» **The task**:
Please set out each line below exactly as it stands, without the images.

» **Information shown**:
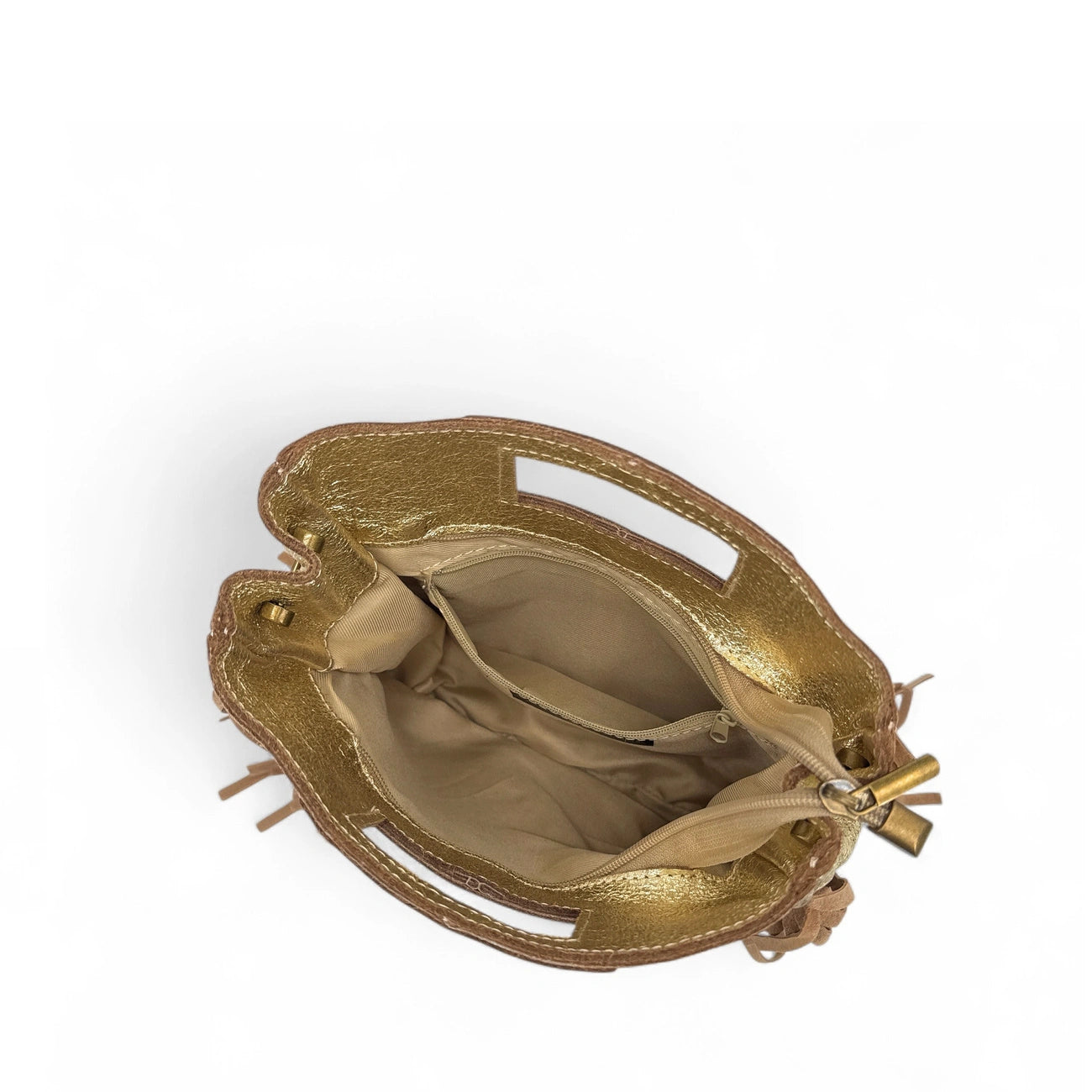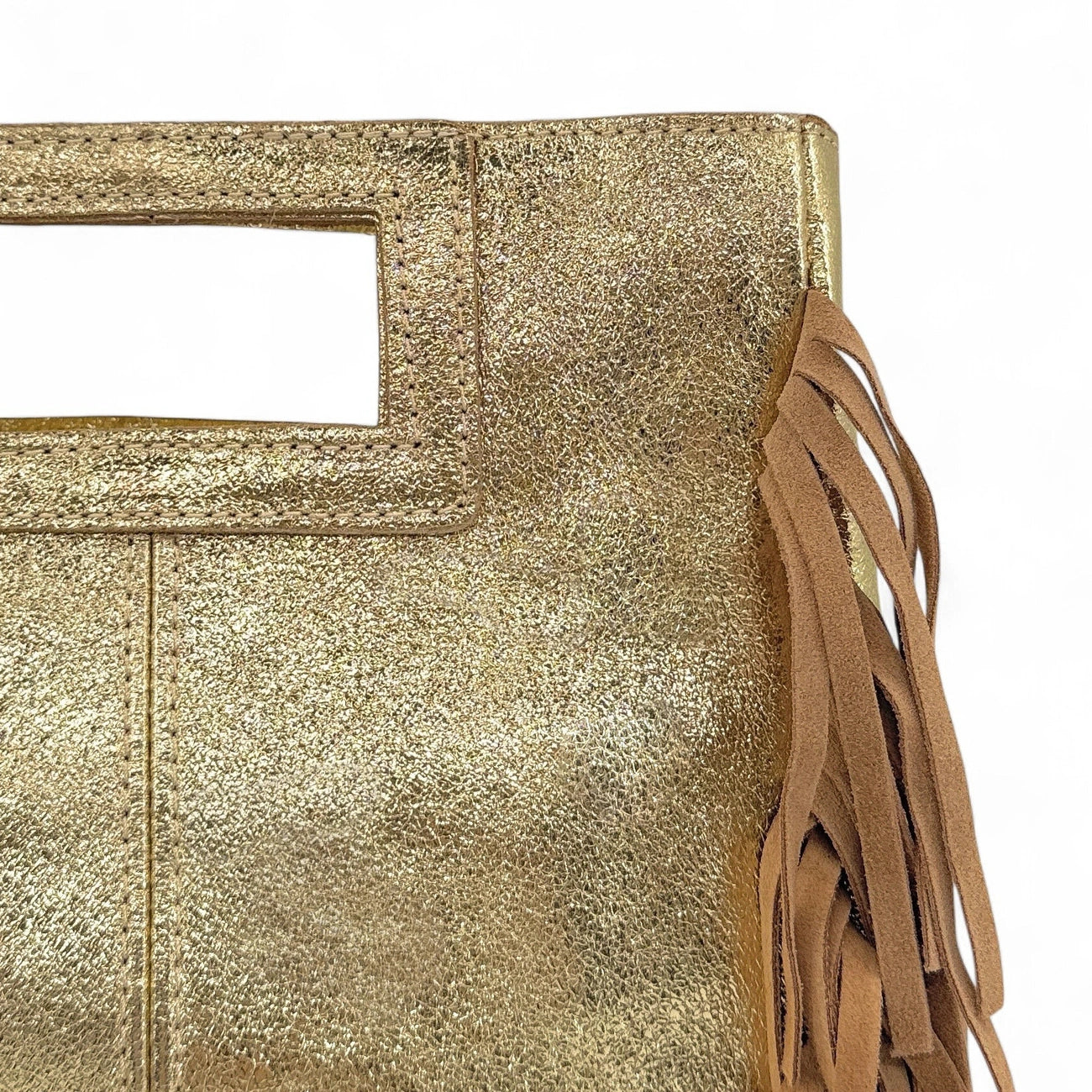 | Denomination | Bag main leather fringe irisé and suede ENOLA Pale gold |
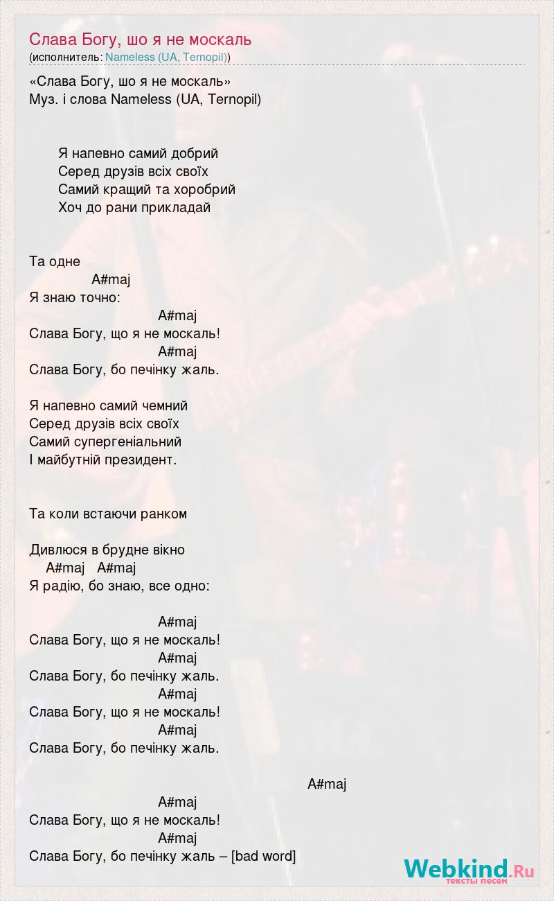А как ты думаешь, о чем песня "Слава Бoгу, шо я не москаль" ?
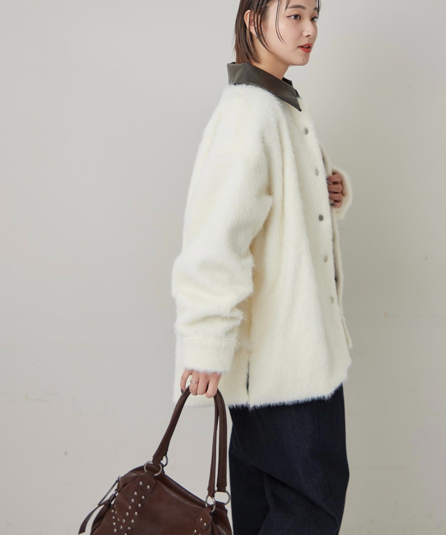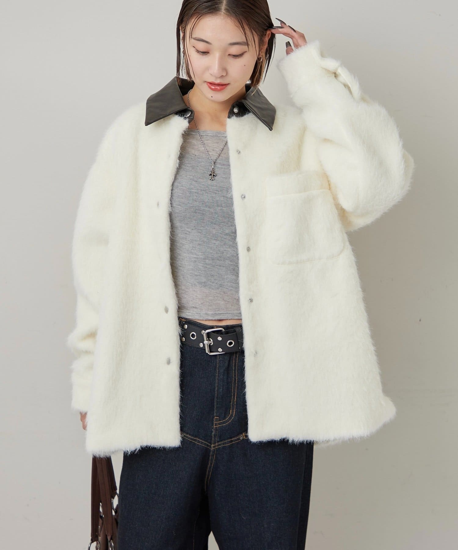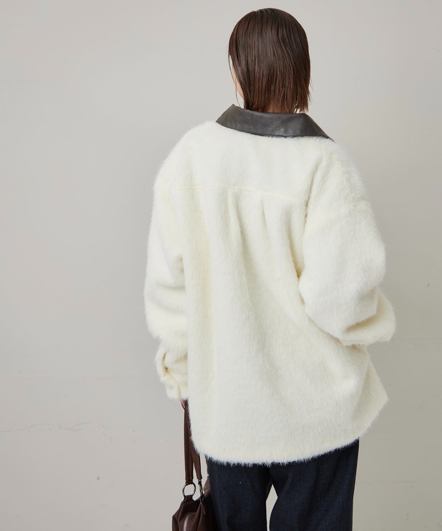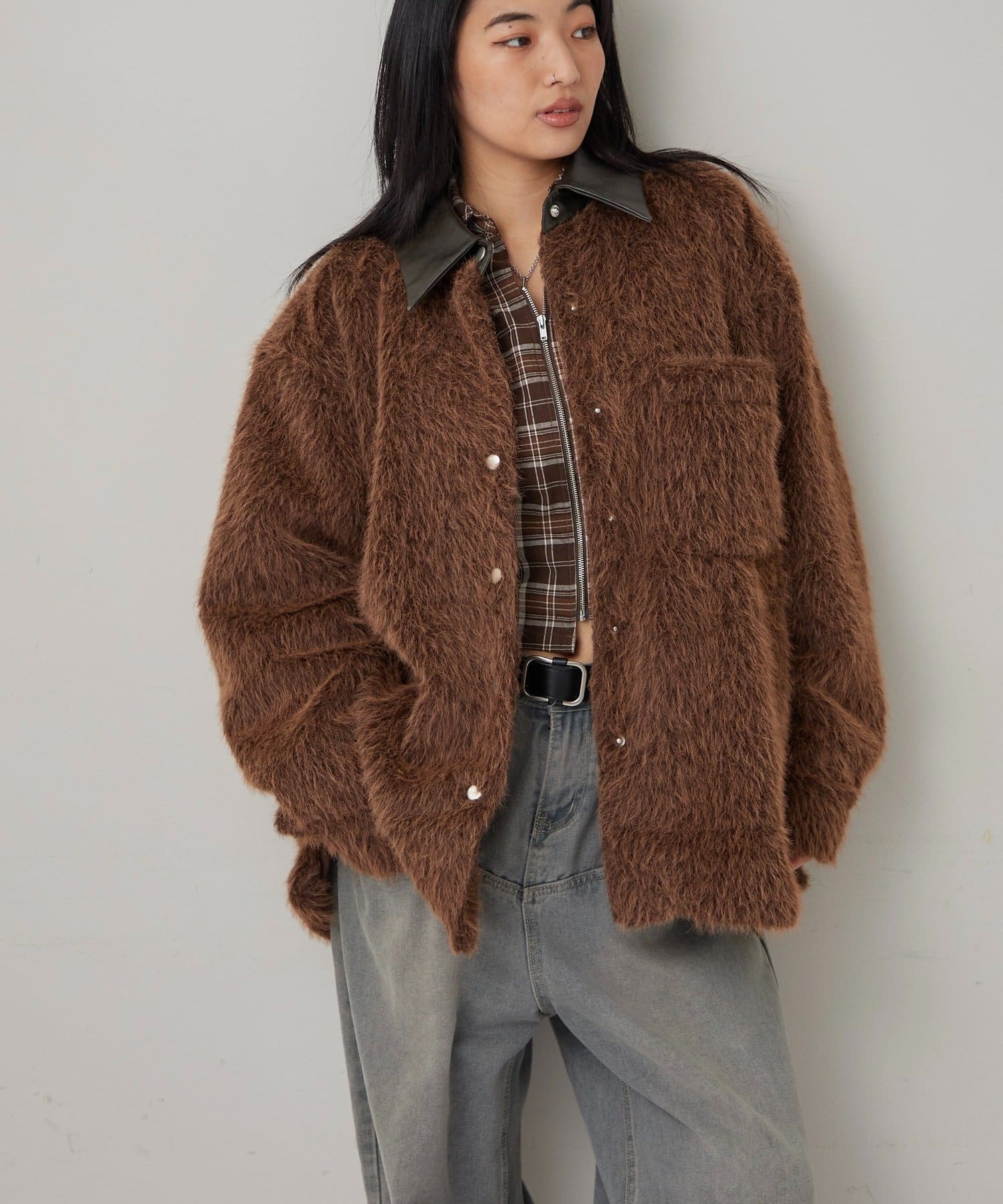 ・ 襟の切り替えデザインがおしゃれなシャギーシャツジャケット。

» **Answer space**:
 | Denomination | Bag main leather fringe irisé and suede ENOLA Pale gold |
А как ты думаешь, о чем песня "Слава Бoгу, шо я не москаль" ?
 ・ 襟の切り替えデザインがおしゃれなシャギーシャツジャケット。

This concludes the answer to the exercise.